E agora vamos falar dos grandes "elogios" que são comentários embasados em preconceito e muita transfobia. Primeiramente: “mulher de verdade", "você se parece uma mulher de verdade”, “Nossa, você engana, hein”, “Nossa, se eu não soubesse..”. Isso não é elogio, galera. Eu sou uma mulher de verdade. Isso aqui não é uma fantasia que eu tiro e coloco. Não é uma fantasia de mulher. Eu sou uma mulher de verdade! Eu não passo o que eu passo quando saio pra fora de casa para você me dizer que eu não sou mulher de verdade. Eu sou de verdade, não sou de mentira não. Sou de verdade.
Segundo e não menos importante: “você é tão bonita, nem parece trans”. Esse acaba comigo. Porque assim, eu sou bonita, eu sou trans, então você relacionar, separar o trans do belo, eu botar minha cara aqui na Vogue e mostrar para vocês que sou trans, sou bonita, sou várias coisas, sabe? Precisamos ver isso aí, hein (risos).
Outro assunto que também nos tira muito do sério é quando só nos relacionam à precariedade, com a falta de beleza, coisas ruins ou também quando só nos relacionam à sexo. Eu sei que 95% da minha população de mulher trans e mulher travesti foi empurrada para prostituição e por isso eu vou deixar aqui alguns projetos que acolhem pessoas, meninas como eu, da margem da sociedade: @casa1, @casaflorescer_, @transemprego. Esses são projetos que visam tirar meninas, como eu, dessa margem da sociedade.
Bom, outra coisa bastante desconfortável é quando vocês resumem a nossa existência à nossa identidade de gênero, à trans. Sempre à trans. No meu caso por exemplo, ‘a cantora trans’ ‘a modelo trans’, ‘a trans ali’, ‘a trans aqui’. Gente, ser trans é apenas uma característica minha, é uma característica bastante pontual? Sim. Mas não é a única. Então, eu estou aqui para falar de assuntos importantes e vocês resumem minha existência apenas à minha identidade de gênero, isso é bastante pesado, não acham? (risos).
Outra coisa que me incomoda muito, mas eu não sei como é com as outras pessoas trans, então eu falo isso por mim: o momento que me perguntam quando eu me descobri mulher. Não houve esse momento. Eu sou mulher agora e a partir daqui eu fui mulher e a partir daqui eu olho para frente e me vejo mulher, serei mulher. Só que antes não me era dada a possibilidade de ser mulher e eu tive que ir atrás e lutar por essa possibilidade de ser. Creio que várias meninas trans se identificam com isso. Então não existiu esse momento, só não tive até agora a possibilidade de ser quem eu era. Não me foi nem apresentada essa possibilidade antes. É basicamente isso.

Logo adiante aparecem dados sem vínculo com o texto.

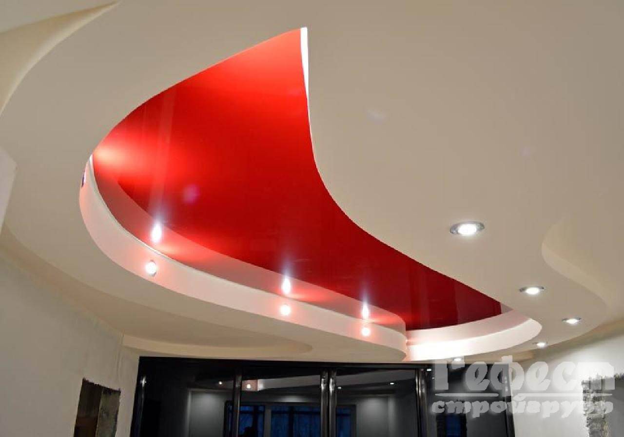 - Для воплощения сложных творческих идей стоит задумываться о сочетании с гипсокартоном. Сами по себе матовые и глянцевые полотна смотрятся проще.

Como nosso contato agora é mais pela internet, devido ao isolamento social, sempre vejo pessoas perguntando para as pessoas trans: quais diferenças entre mulher trans e travesti? Qual diferença entre uma e a outra? Eu acho que são esquecidos pontos essenciais. As duas identidades são identidades femininas e seus nomes e pronomes devem ser respeitados. Nas suas presenças e nas suas ausências, senão, do que adianta, não é mesmo? Mas eu acho a gente tinha que partir do respeito e depois a gente diferenciava uma da outra. Vamos tentar, por nessa ordem, dessa vez?
E você ficou aí se perguntando: o que eu posso perguntar então? Sobre o que eu posso falar? Bom, eu sou cantora, eu sou modelo, você pode falar comigo de música, você pode falar comigo de moda, você pode falar comigo sobre skincare, sobre maquiagem, sobre o dia a dia, eu tenho tanta coisa para falar, mas não é só porque eu sou uma pessoa trans que eu vou poder lhe falar sobre gênero, sobre sexualidade, entende? Somos muito múltiplas, sabemos sobre tantos assuntos, não nos resumam só a isso, ok?